I think over the past two years I have become more accustomed to stepping out of my comfort zone, then I ever had been before moving here to the missions field. I know it sounds funny for someone who literally jumped out of a plane to say I don't like to do crazy things, but it's truth! In fact I don't even like to do many normal things....they cause me more anxiety than I care to admit. But, like I said , these past two years have been full of moments where I have had to do things that I was not comfortable with (not bad things, just stretching things). And I guess the truth is that what it really comes down to is choosing what "voice" I am going to listen to.
This past weekend I did something that was about as far out of my comfort zone as moving to ecuador was. It might not seem like much if I told you what it was but let's just say it's something I have been presented with the option of doing before and completely turned it down cause I just wasn't ready to go there. I was too scared in the past and the "voice" that told me I it wouldn't be worth it, and would only cause more problems than good, has always won out before.

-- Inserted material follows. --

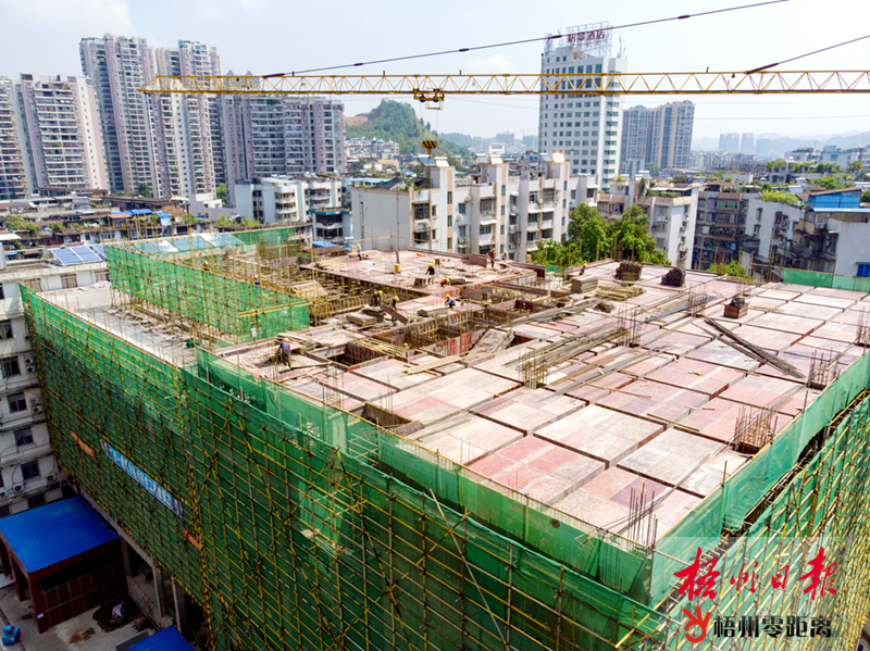 8月5日,梧州市婦幼保健院業務樓擴建項目在建主體建筑的樓高已與周邊樓宇持平,施工隊伍正在持續推進主體框架建設。

I am honestly am not sure how I over came that "voice" now. I am not even sure that I am "ready" to "go there" now, but I am also not sure that I will ever be ready and... well... I'm not getting any younger. I guess it pretty much came down to if the fear of things staying the same was greater than the risk... and in the moment it was, so I jumped in feet first and tried not to let my feelings talk me into turning around.
I wish I could say doing so has not only been easy but also rewarding. So far neither has been true, but I am banking on the fact that in the end I will be singing a different tune. We shall see. I wish that I could tell you more, but not yet....hopefully someday. Until then, please be praying for me and trusting with me that God will and is directing this whole process. Thanks! Amen.